Monday, March 24, 2025

New paper: Identification of Cholevinae larvae

In 2022, I started my Master’s in Biology, at Radboud University in the Netherlands where I had just finished my Bachelor’s degree. The Master’s programme includes two research internships of 36 EC (approx. 6 months), both of which include writing a thesis. As I had been working on a database of identification keys, I was interested in a project focused on taxonomy for my first research internship.

Thanks to Henk Siepel I ended up contacting Menno Schilthuizen at Naturalis, who suggested I work on Cholevinae larvae. Schilthuizen had been collecting Cholevinae larvae since the 1980s, and had also received material from Peter Zwick who started collecting larvae in different areas of Germany in the 1960s. The challenge was to use this material to make an identification key based on these specimens.

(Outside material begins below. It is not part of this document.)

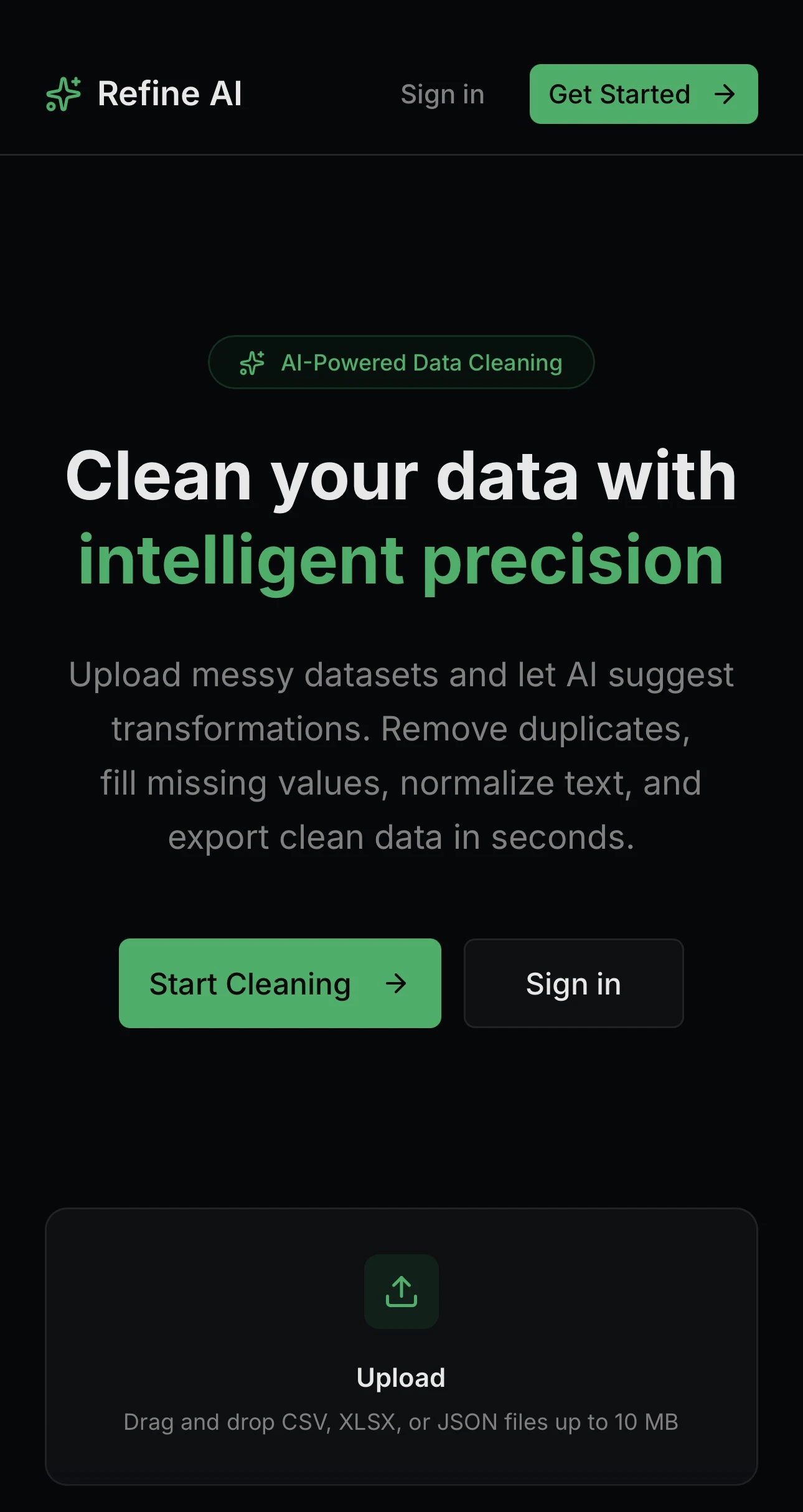 AI-powered data cleaning and transformation tool. Upload, analyze, and refine your datasets with intelligent suggestions powered by Gemini AI.
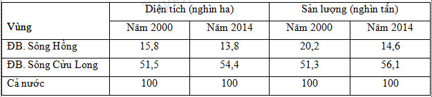 Cho bảng số liệu Diện tích và sản lượng lúa cả năm 2000 và 2014 Căn cứ vào kết quả xử

Although the first description of a larva of Cholevinae was published back in 1961 by J. C. Schiødte, descriptions have since been relatively few and far between. This also meant that there are almost no existing identification keys for the larval Cholevinae. Making these descriptions and keys is difficult, as you need larvae from a known species. This is only possible if the larvae are cultured from adults, which takes time and effort, if molts are collected and the emerged adults is identified, or if DNA barcoding can be used. The specimens collected by Zwick and Schilthuizen mainly used the first method.

However, there happened to be a recent, detailed description of Sciodrepoides watsoni, a species for which I also had specimens. I started by comparing the larvae of S. watosni (as well as a few of the related S. fumatus) to the drawings and descriptions made by Kilian and Mądra. From there, I could start looking at different species and identify potential areas and types of characteristics that are consistent enough within a species, but that differ between separate species. To illustrate these differences I also made schematic drawings (Fig. 1) of different sets of characteristic features. Finally, I measured certain parts of the larvae, where possible for specimens preserved in microscope slides.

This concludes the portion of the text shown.